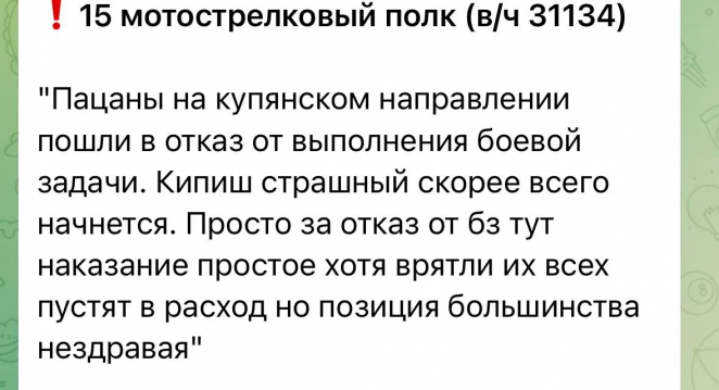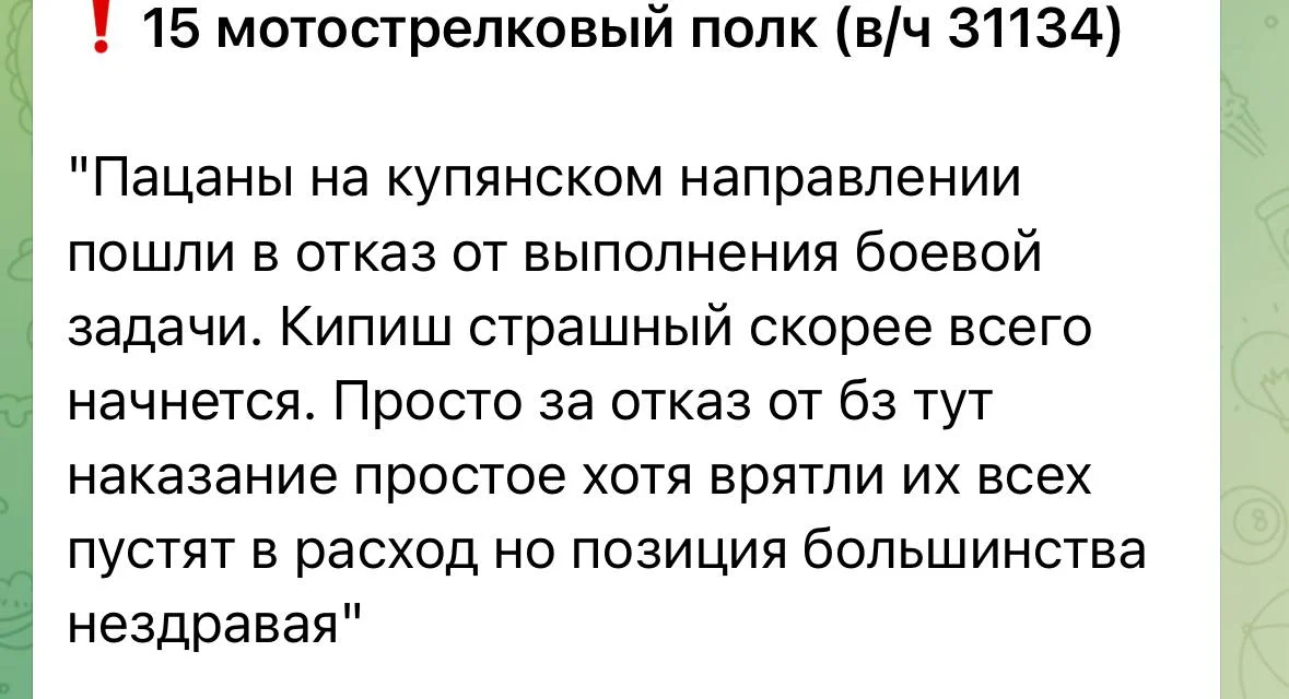 Военнослужащие 15-го мотострелкового полка (в/ч 31134), действующие на Купянском направлении, отказались выполнять боевую задачу. Внутри подразделения назревает «страшный кипиш», как описывает один из источников.
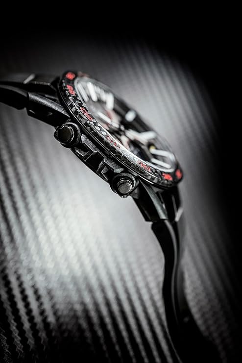 Diese Uhr ist nicht nur ein Accessoire, sondern eine Hommage an Geschwindigkeit und Innovation. Wer Motorsport liebt, wird die Details dieser Uhr zu schätzen wissen: das leichte Karbon, die ergonomische Gehäuseform, das matte Schwarz mit metallischen Akzenten – jedes Element spiegelt Dynamik und Präzision wider.
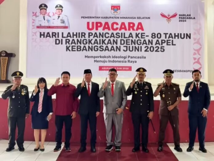 Upacara itu dirangkaikan dengan Apel Kebangsaan Juni 2025 di Aula Waleta Kantor Bupati Minahasa Selatan.
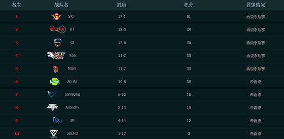 8月13日2015LCK夏季常规赛正式落下帷幕,季后赛将于8月16日正式打响。以下为2015LCK夏季常规赛积分排行情况.
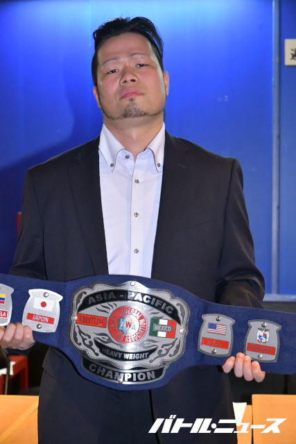 平井代表「本日は追加対戦カードといたしまして、UWAアジアパシフィックヘビー級選手権試合を発表させていただきます。前回の3月大会で将軍岡本選手が保持していました王座をRJPW間下隼人が奪取し、新チャンピオンとなりました。第4代王者の間下隼人に今回、挑戦いただくのは、ブードゥー・マーダーズに所属しております横山佳和選手です。それでは、おふたりを呼びたいと思います」
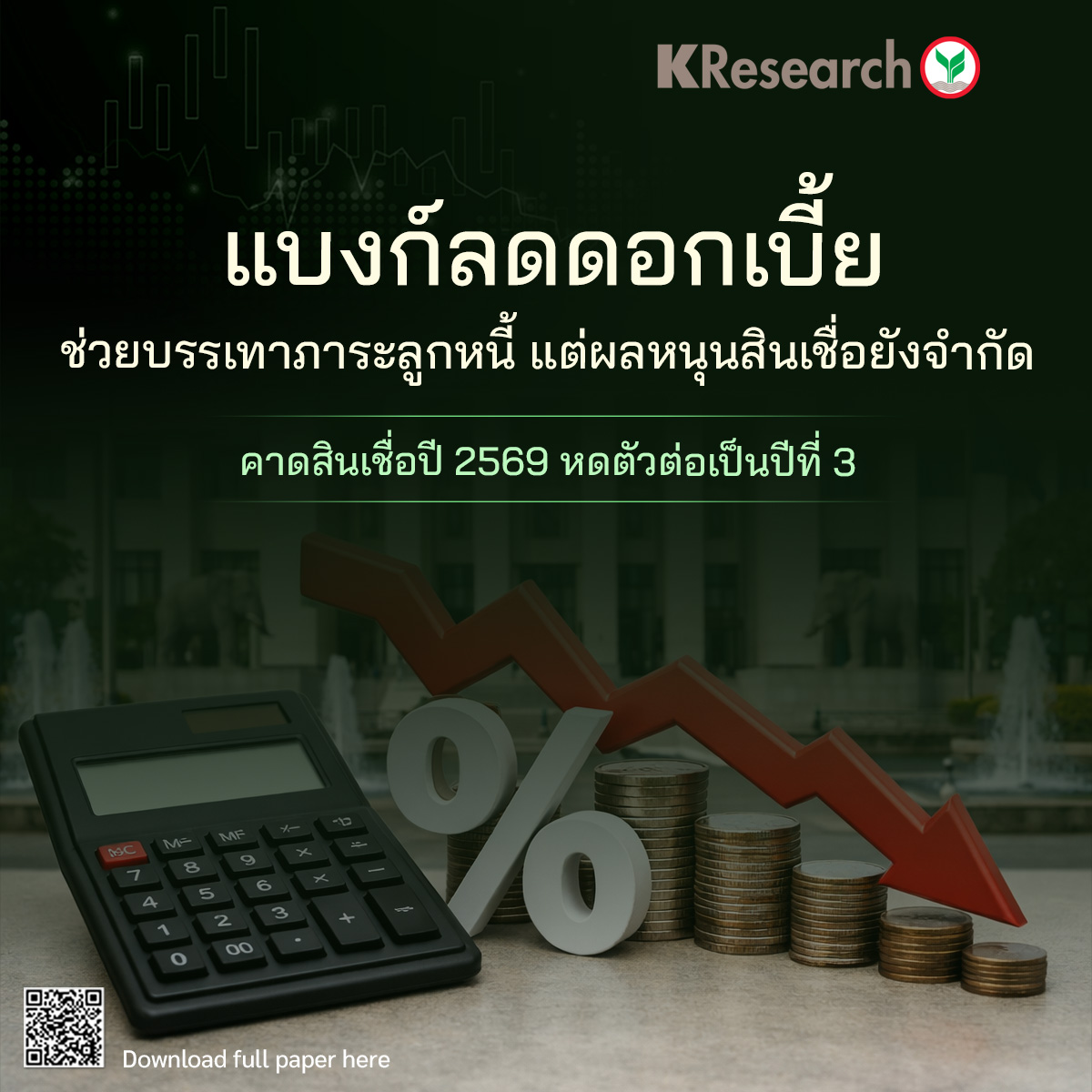 ศูนย์วิจัยกสิกรไทย เผย แบงก์ลดดอกเบี้ยช่วยบรรเทาภาระลูกหนี้ แต่ผลหนุนสินเชื่อยังจำกัด คาดสินเชื่อปี 2569 หดตัวต่อเป็นปีที่ 3

◆ **Directions for this task**: Copy exactly the part of the material above that opens with the line containing "Upacara itu dirangkaikan" and closes with the line containing "8月13日2015LCK夏季", ends included. Drop the images.

◆ **Solution to this exercise**:
 Upacara itu dirangkaikan dengan Apel Kebangsaan Juni 2025 di Aula Waleta Kantor Bupati Minahasa Selatan.
 8月13日2015LCK夏季常规赛正式落下帷幕,季后赛将于8月16日正式打响。以下为2015LCK夏季常规赛积分排行情况.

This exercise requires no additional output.